> **Work request**: Copy the listing verbatim, excluding any images found in it.

> **Available data**:
******

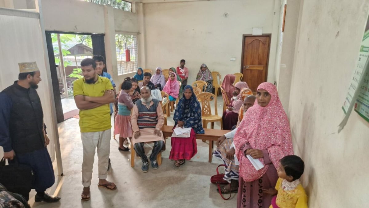 Op het terrein van de kliniek in Nothkana staat een rij patiënten voor de deur...
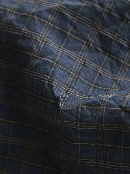 Made from high-quality Italian cotton fabric. At first glance, it looks plain, but if you look closely, it's a check pattern. A tattersall check pattern in light brown and black on a navy background. It's a chic and mature check pattern.
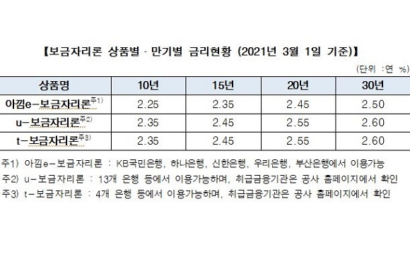 또 전자약정 등 온라인으로 신청해 비용을 절감할 수 있는 ‘아낌e-보금자리론’은 0.10%p 낮은 연 2.25%(만기 10년)에서 최대 2.50%(30년)의 금리가 적용된다.
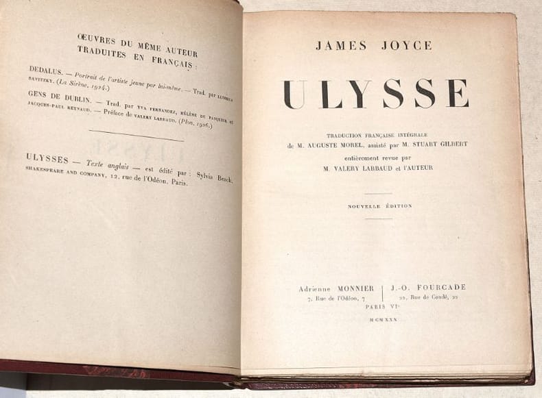 SECONDE ÉDITION de la traduction française de ce CHEF-D'OEUVRE DE LA LITTÉRATURE MONDIALE. La traduction intégrale d'Auguste Morel, assisté par Stuart Gilbert, a entièrement été revue par Valery Larbaud et l'auteur. Elle a été tirée à 3500 EXEMPLAIRES non numérotés. La première édition française a été imprimée en février 1929. Exemplaire en BEL ÉTAT conservé dans une élégante reliure de l'époque, condition peu commune. NICE COPY. PICTURES AND MORE DETAILS ON REQUEST.

******

> **Task answer**:
 Op het terrein van de kliniek in Nothkana staat een rij patiënten voor de deur...
 Made from high-quality Italian cotton fabric. At first glance, it looks plain, but if you look closely, it's a check pattern. A tattersall check pattern in light brown and black on a navy background. It's a chic and mature check pattern.
 또 전자약정 등 온라인으로 신청해 비용을 절감할 수 있는 ‘아낌e-보금자리론’은 0.10%p 낮은 연 2.25%(만기 10년)에서 최대 2.50%(30년)의 금리가 적용된다.
 SECONDE ÉDITION de la traduction française de ce CHEF-D'OEUVRE DE LA LITTÉRATURE MONDIALE. La traduction intégrale d'Auguste Morel, assisté par Stuart Gilbert, a entièrement été revue par Valery Larbaud et l'auteur. Elle a été tirée à 3500 EXEMPLAIRES non numérotés. La première édition française a été imprimée en février 1929. Exemplaire en BEL ÉTAT conservé dans une élégante reliure de l'époque, condition peu commune. NICE COPY. PICTURES AND MORE DETAILS ON REQUEST.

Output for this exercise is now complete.